• Records drawn from a dataset:

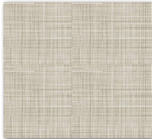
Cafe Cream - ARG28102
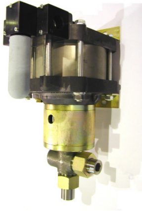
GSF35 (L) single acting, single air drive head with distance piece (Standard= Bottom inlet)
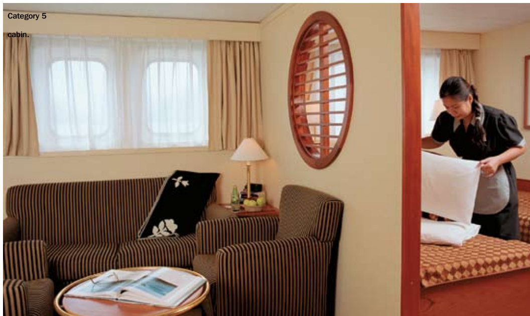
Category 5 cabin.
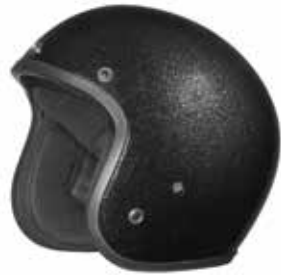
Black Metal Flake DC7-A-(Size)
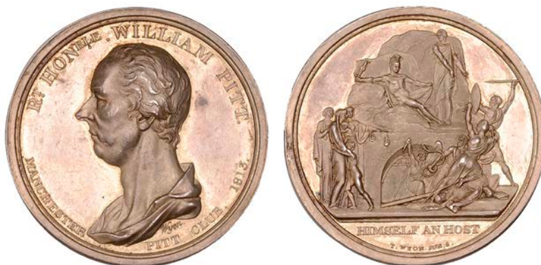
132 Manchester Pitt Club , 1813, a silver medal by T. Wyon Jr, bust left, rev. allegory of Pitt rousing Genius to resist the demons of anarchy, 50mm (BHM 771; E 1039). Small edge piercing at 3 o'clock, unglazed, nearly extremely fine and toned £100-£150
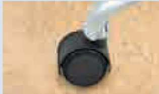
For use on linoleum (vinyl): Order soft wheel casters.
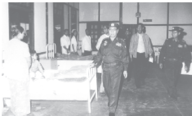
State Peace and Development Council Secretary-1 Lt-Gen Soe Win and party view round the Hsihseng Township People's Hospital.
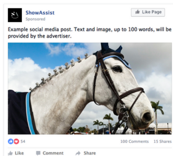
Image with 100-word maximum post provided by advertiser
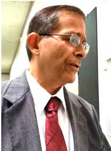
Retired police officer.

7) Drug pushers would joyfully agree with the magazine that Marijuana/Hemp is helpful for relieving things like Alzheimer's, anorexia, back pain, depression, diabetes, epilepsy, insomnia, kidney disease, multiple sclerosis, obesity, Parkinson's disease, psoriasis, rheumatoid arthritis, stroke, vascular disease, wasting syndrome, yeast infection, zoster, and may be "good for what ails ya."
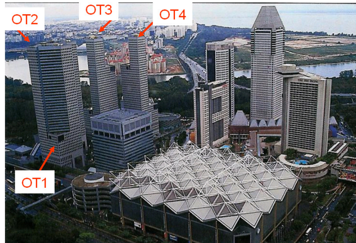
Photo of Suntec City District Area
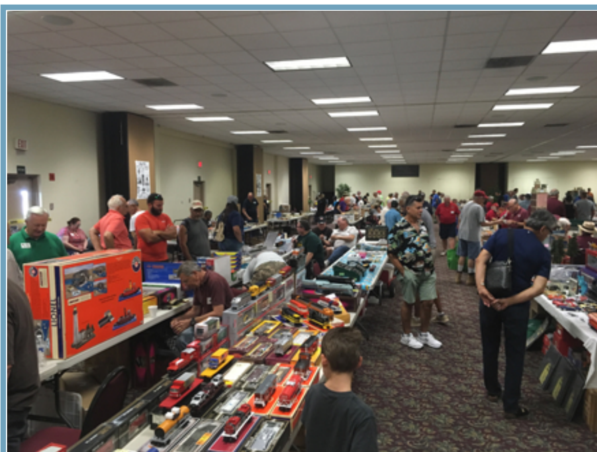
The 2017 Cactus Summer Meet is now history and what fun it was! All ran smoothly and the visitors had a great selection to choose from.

• Exercise:
Make a list of all lines in the data that contain "what".

• Task answer:
7) Drug pushers would joyfully agree with the magazine that Marijuana/Hemp is helpful for relieving things like Alzheimer's, anorexia, back pain, depression, diabetes, epilepsy, insomnia, kidney disease, multiple sclerosis, obesity, Parkinson's disease, psoriasis, rheumatoid arthritis, stroke, vascular disease, wasting syndrome, yeast infection, zoster, and may be "good for what ails ya."
The 2017 Cactus Summer Meet is now history and what fun it was! All ran smoothly and the visitors had a great selection to choose from.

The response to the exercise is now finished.